> DIRECTIONS FOR THIS TASK
Copy the lines of the data below exactly, starting at the first and stopping after the line that contains "- One bottle"; include no pictures.

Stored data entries
________________________________________

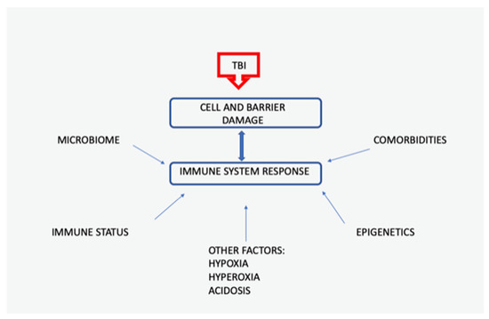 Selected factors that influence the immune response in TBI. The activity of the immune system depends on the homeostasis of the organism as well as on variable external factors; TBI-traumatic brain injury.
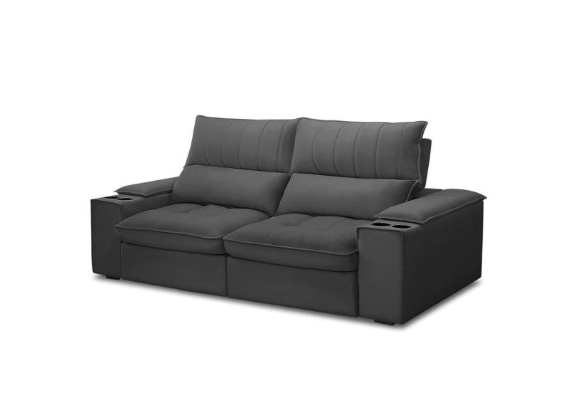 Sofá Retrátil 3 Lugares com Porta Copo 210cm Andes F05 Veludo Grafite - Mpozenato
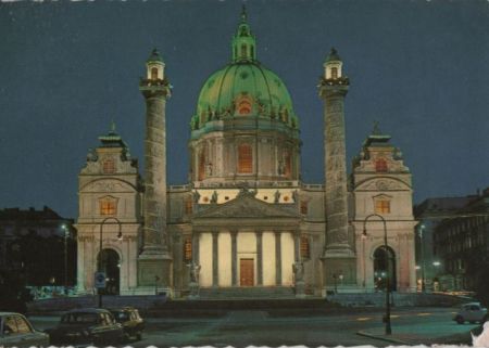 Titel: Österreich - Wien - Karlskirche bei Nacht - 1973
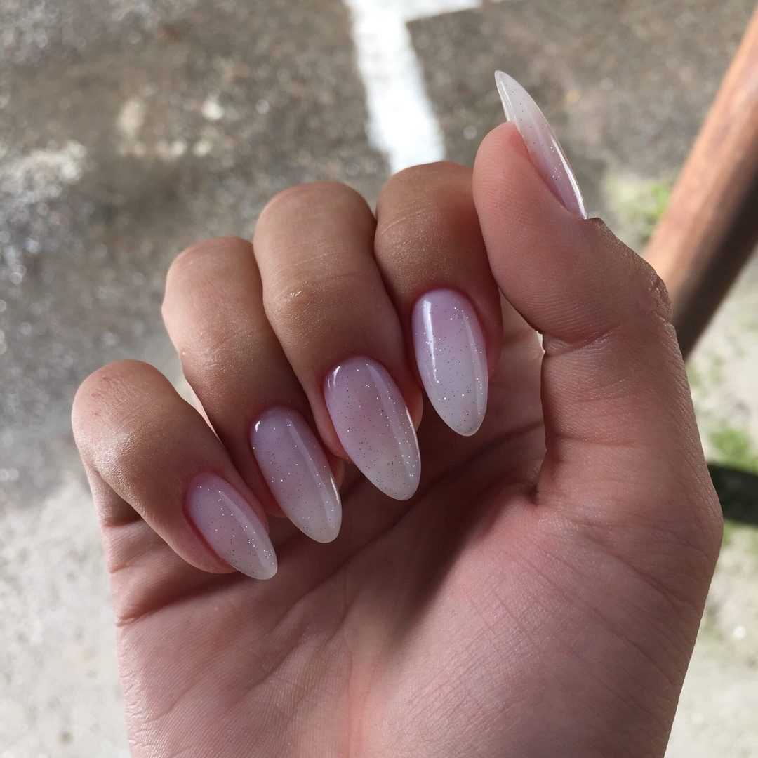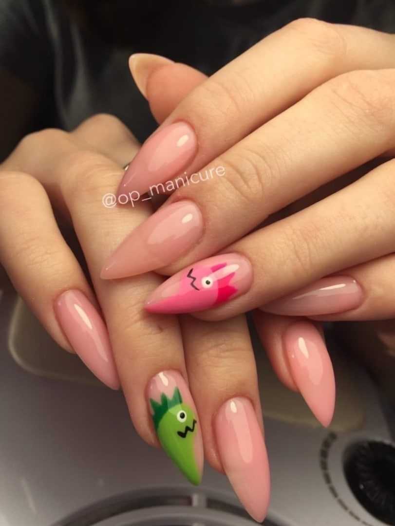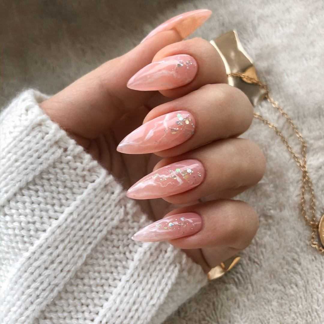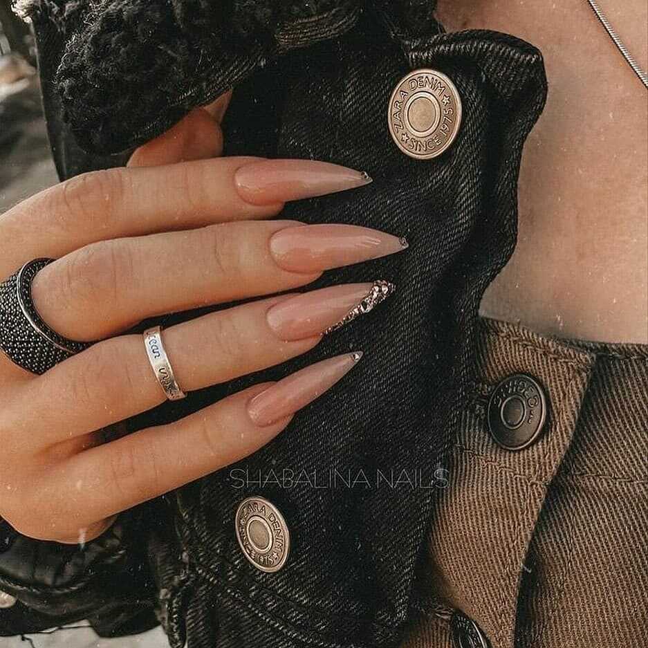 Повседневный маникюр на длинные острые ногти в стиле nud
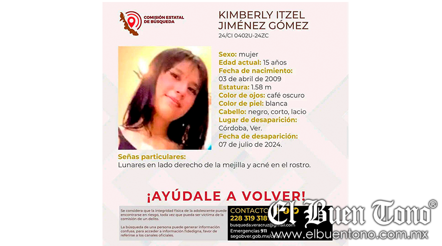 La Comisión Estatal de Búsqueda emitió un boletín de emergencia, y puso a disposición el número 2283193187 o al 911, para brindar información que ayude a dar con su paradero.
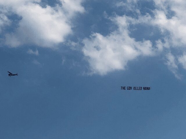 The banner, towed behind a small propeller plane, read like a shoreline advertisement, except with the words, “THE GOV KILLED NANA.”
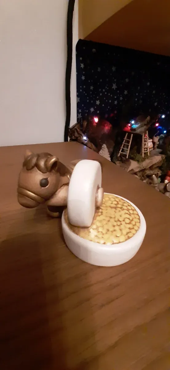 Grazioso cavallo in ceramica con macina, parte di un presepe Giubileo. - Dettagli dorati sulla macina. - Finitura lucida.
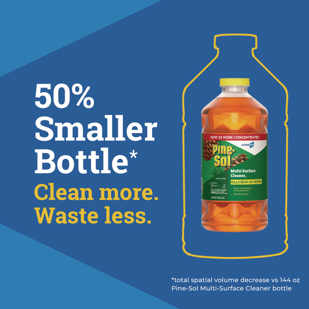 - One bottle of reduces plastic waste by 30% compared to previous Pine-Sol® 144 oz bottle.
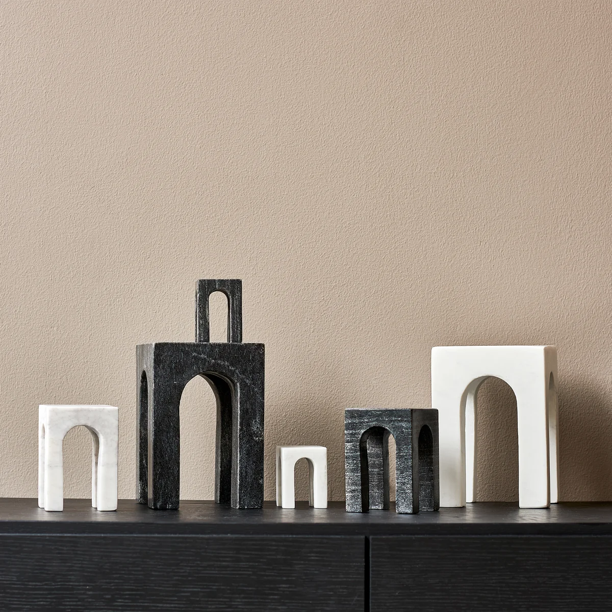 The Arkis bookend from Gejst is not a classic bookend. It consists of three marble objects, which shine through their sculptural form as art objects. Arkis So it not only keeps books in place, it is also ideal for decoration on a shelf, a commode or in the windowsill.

________________________________________

> WRITTEN SOLUTION
 Selected factors that influence the immune response in TBI. The activity of the immune system depends on the homeostasis of the organism as well as on variable external factors; TBI-traumatic brain injury.
 Sofá Retrátil 3 Lugares com Porta Copo 210cm Andes F05 Veludo Grafite - Mpozenato
 Titel: Österreich - Wien - Karlskirche bei Nacht - 1973
 Повседневный маникюр на длинные острые ногти в стиле nud
 La Comisión Estatal de Búsqueda emitió un boletín de emergencia, y puso a disposición el número 2283193187 o al 911, para brindar información que ayude a dar con su paradero.
 The banner, towed behind a small propeller plane, read like a shoreline advertisement, except with the words, “THE GOV KILLED NANA.”
 Grazioso cavallo in ceramica con macina, parte di un presepe Giubileo. - Dettagli dorati sulla macina. - Finitura lucida.
 - One bottle of reduces plastic waste by 30% compared to previous Pine-Sol® 144 oz bottle.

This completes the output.